Внезапно в оконное стекло ударил ливень, раздался грозный стук.
– Гроза с градом! – крикнула Изабо. – Проклятье! Удача, что мы никуда не пошли.
Она поторопилась проверить, хорошо ли закрыто окно, и засмотрелась на разгул стихии снаружи.
– Надеюсь, королева-мать получит наше послание, пока Монтгомери не снялся с якоря, – повторила Луиза.
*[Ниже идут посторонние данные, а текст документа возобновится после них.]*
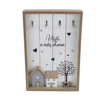 Box na klíče s nápisem - Vítejte u nás doma.Box na klíče je ve 2. jakosti, místy podřené, polepené, někde chybí i háčky.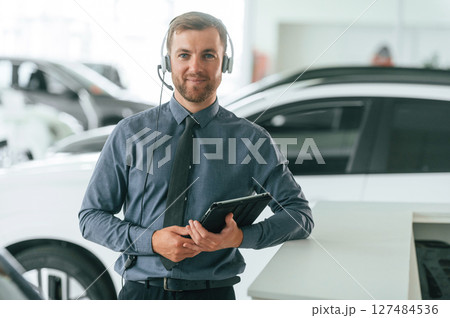Manager is in the headphones and with notepad. Handsome car dealership worker is with electric vehicle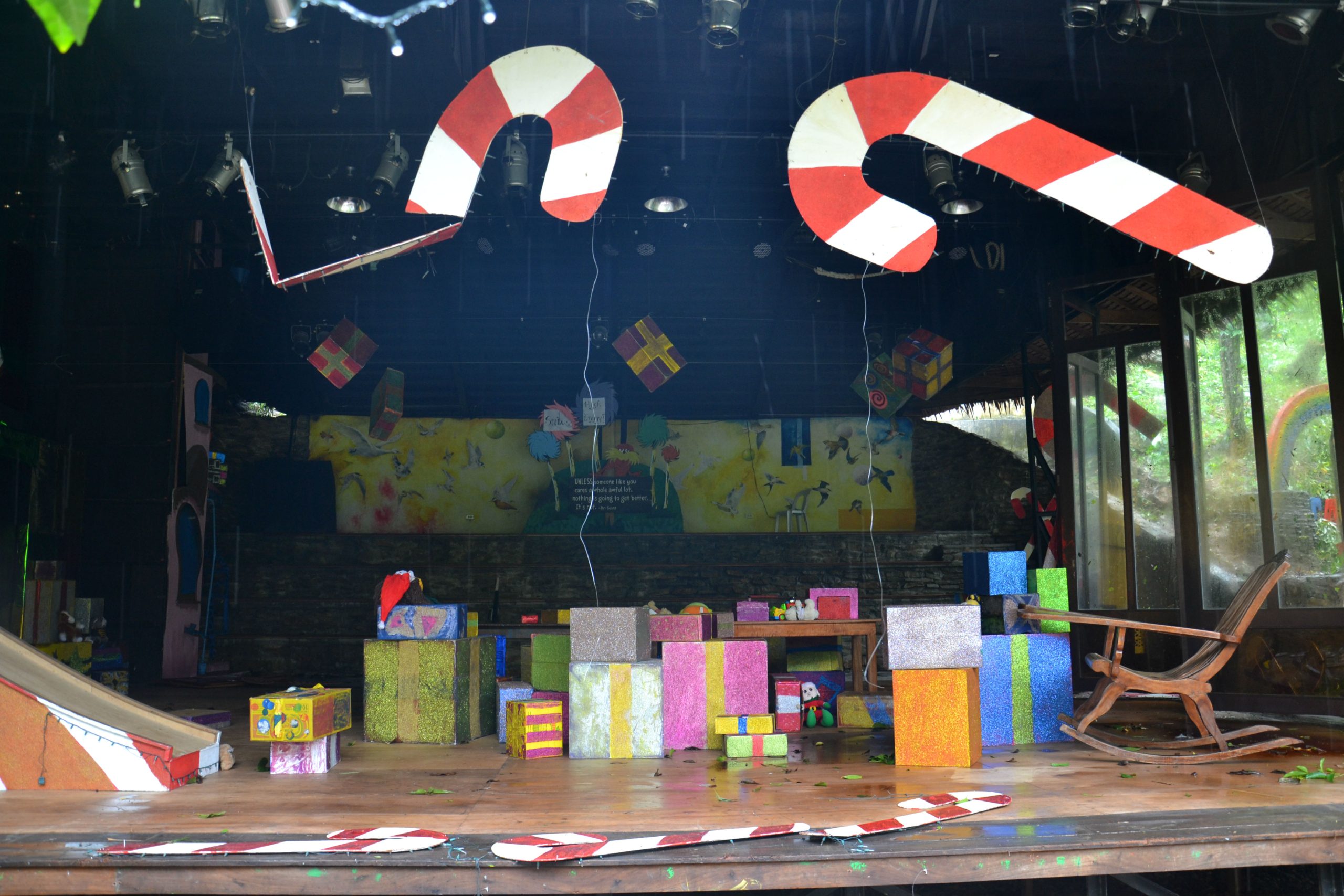 Concerning the strong spirit, we opened this year’s “One Wish” performance just before Christmas with the usual grandeur of sets, props and lighting. “Nina” changed all of that in minutes, when the metal/Plexiglas doors of the stage were pulled out of their sockets and bent or unhinged, as the wind and the rain raged through and left sets, props and lights in a chaotic and miserable condition. But, the show must go on! So, Santa and his elves got together, and with lots of determination and hard work they restored almost everything within just 24 hours. With only one cancellation, the kids were back on the stage to complete this season’s round of performances.

Клодина вложила письмо между двумя аккуратно склеенными по краям форзацами, потом отправила туда же шаблон и пролистала книгу, чтобы убедиться, что работа удалась.
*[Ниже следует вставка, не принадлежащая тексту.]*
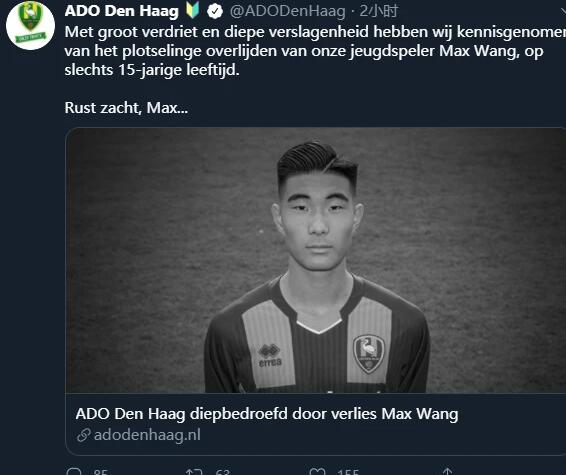 根據(jù)海牙官方訃告描述,他們對王凱冉的去世感到惋惜和震驚,不過,海牙俱樂部病沒有透露王凱冉去世具體的原因。然而,荷蘭媒體推測,他們認(rèn)為王凱冉是在一次溺水事故當(dāng)中不幸失去生命的,而他去世的時間,大概是在今年的8月初。
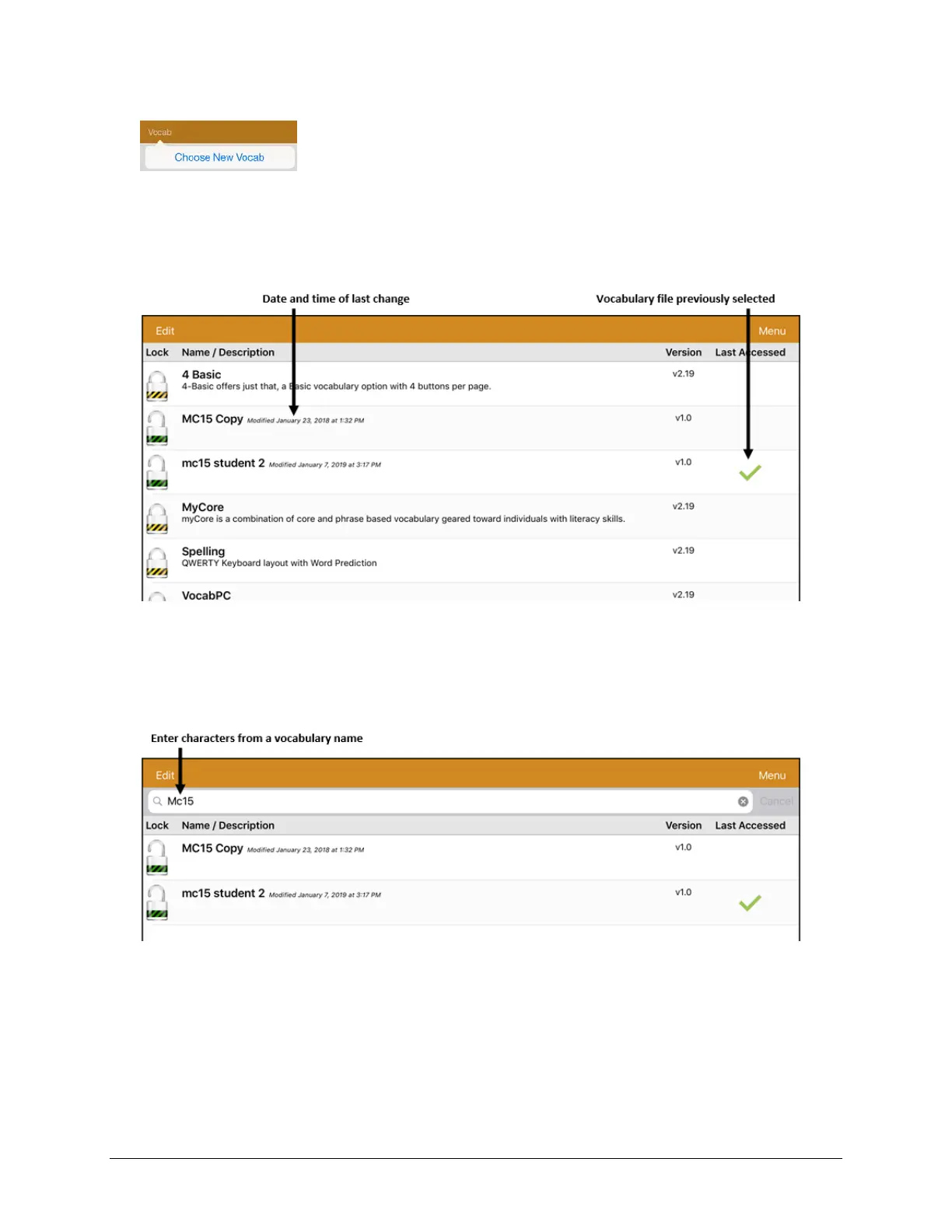 2. Tap Choose New Vocab. A page will list the available vocabulary files.

– Фанфи, скорее стяни с меня чулки, здесь духота! – внезапно заголосила Луиза.
Тут же прибежавшая служанка упала к ногам своей госпожи и исполнила ее приказание.
– И приготовьте нам на ужин фаршированных перепелок.
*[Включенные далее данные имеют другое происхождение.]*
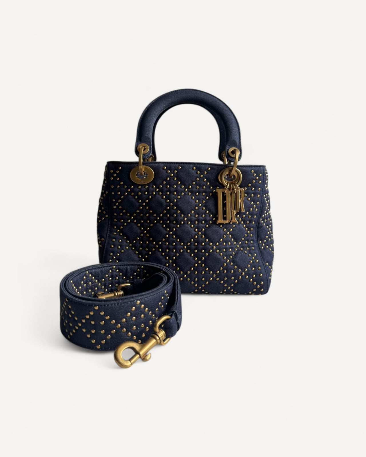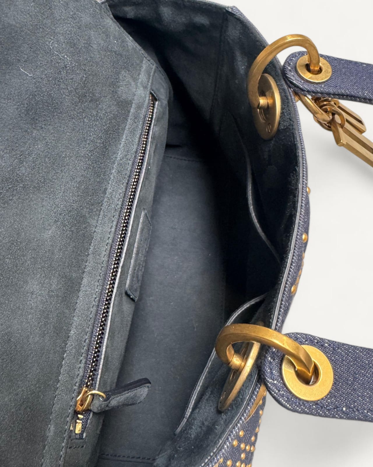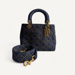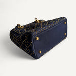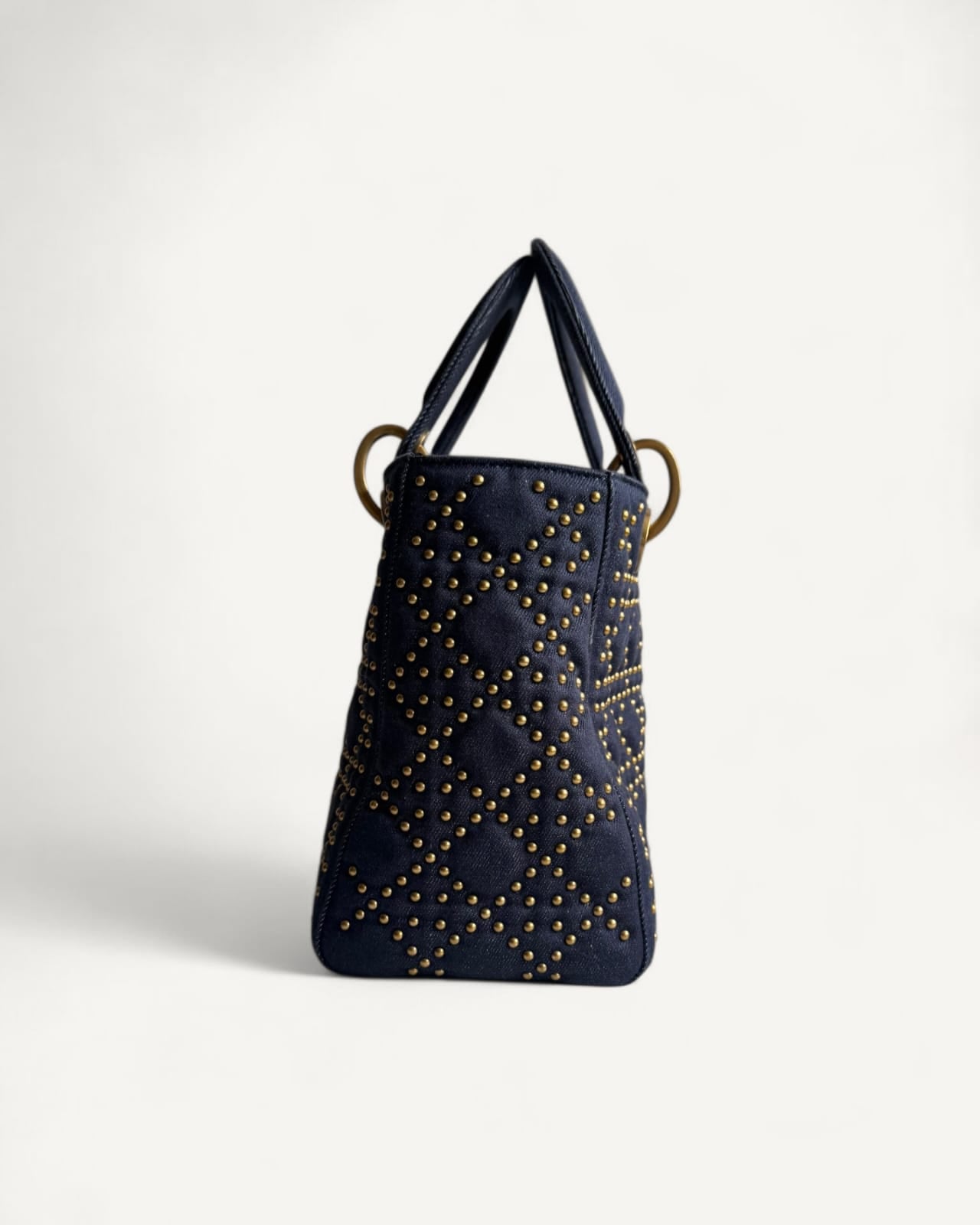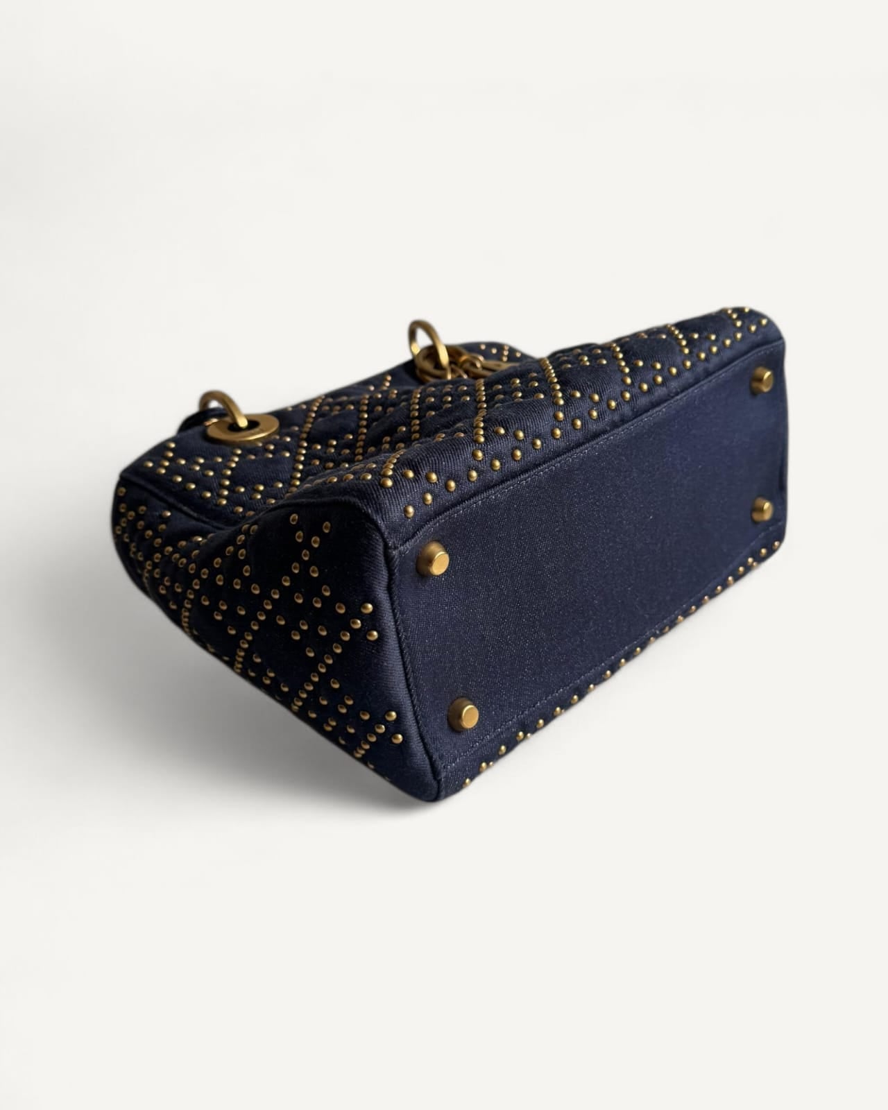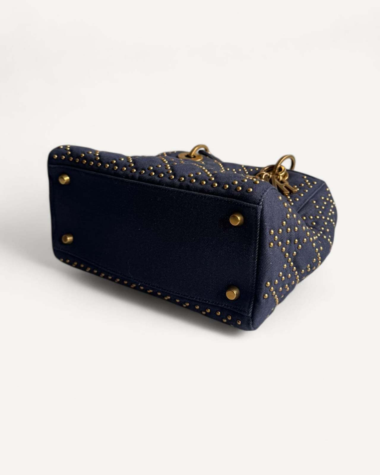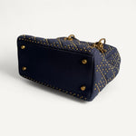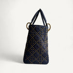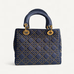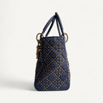Bolsa Dior Lady Dior Medium Denim Cannage Studded Supple Navy Blue

– Мы едим одно и то же через день! – возмутилась Изабо.
– И что? Кажется, эта еда вам по вкусу?
– Без сомнения, мадам.
– Значит, решено.
Луиза выпрямилась, схватила свой веер и стала яростно обмахиваться.
– Здесь такая жара, выйдем на воздух!
И, не дожидаясь, чтобы за ней последовали, она выбежала на лестницу. Клодина и Изабо недоуменно переглянулись, Фанфи просто пожала плечами.
Луиза
Какой была бы ее жизнь, стань она монахиней? Луиза представила себе монастырь, безмятежный квадратный садик. Безмолвное существование, когда день неизменно начинается с заутрени, в окружении сестер, по правилам, которым достаточно следовать, не задавая вопросов… Ей бы перестать мечтать об этом, такие мысли только будили в ней сожаление. Ее раны не затянутся, если она и впредь будет оглядываться в прошлое, тем более его идеализировать.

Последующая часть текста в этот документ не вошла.